Role of standard deviation in Bayesian optimization using GP

Question

I am new to GP and BO and I have been playing with the two in a simple 1D context which happens to be practically relevant to what I am working on. Essentially, I am trying to find a peak (modeled as a Gaussian) buried in additive Gaussian noise. Something like $f(x)={\frac {1}{\sigma {\sqrt {2\pi }}}}e^{-{\frac {1}{2}}\left({x-p}\right)^{2}} + \epsilon$ where $\epsilon\sim N(0,1)$, where I am trying to recover $p$. This is a toy version of a real life problem where evaluating $f(x)$ is very expensive. I would also like to minimize the assumptions about the true $f(x)$, although I think it is likely to be a convex function. True knowledge of $\epsilon$ is also imprecise.

The only complexity is that the observational noise is of the same order of magnitude as the peak size.

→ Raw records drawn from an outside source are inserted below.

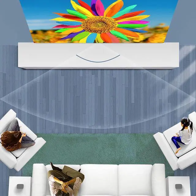 The 16:9 rectangular aspect ratio is suitable for home use, watching movies and TV. The 4:3 square aspect ratio is suitable for office work, meetings and teaching
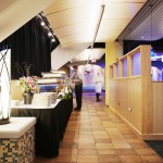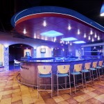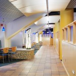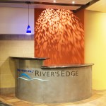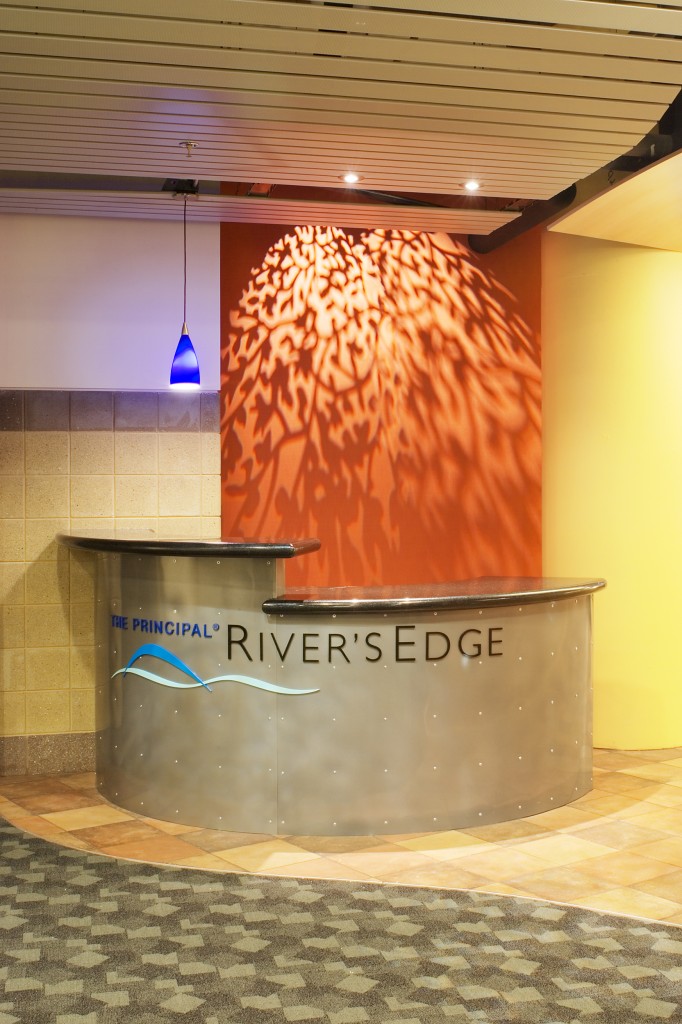 This design/build project entails a restaurant within the Wells Fargo Arena that offers views to the main entrance lobby, the arena bowl as well as the river. The long and narrow dining and sports bar areas are finished and furnished in a blend of stone, wood and metal, accented by blues and greens in the carpet and upholstery, to create a water themed atmosphere.
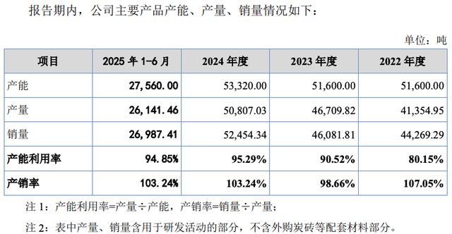 瑞尔竞达在2024年产能与产量双增长的情况下,电力用量却大幅下降。《招股书》显示,2022年-2024年,瑞尔竞达的产能从5.16万吨增长到5.33万吨,产量从4.14万吨增长到5.08万吨。
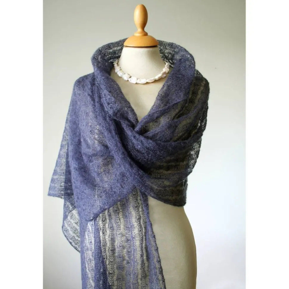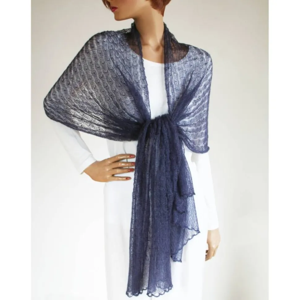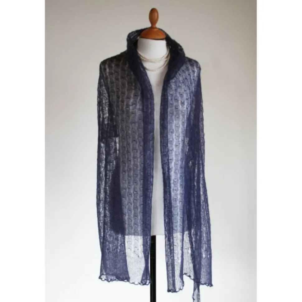Der duftige und hauchdünne Schal ist aus feinstem italienischen Garn handgefertigt. Das Accessoire ist sehr leicht, in sich gemustert und halbtransparent – an beiden Ende ist eine bogenförmige Bordüre.

I am using an off the shelf GP estimation function, Matlab's 'fitrgp'. I haven't noticed the choice of Kernel or initialization of the observation noise or kernel parameters to impact the result very drastically. The way I -think- the data is being treated is like this: $ f(x) \sim GP(m(x), k(x, x')) + \epsilon$ where $\epsilon$ is the observational noise estimated from the data (although it can also be set constant).

I tried a few acquisition functions, but none seemed to work very well. For example, expected improvement gets stuck very quickly in a non optimal area.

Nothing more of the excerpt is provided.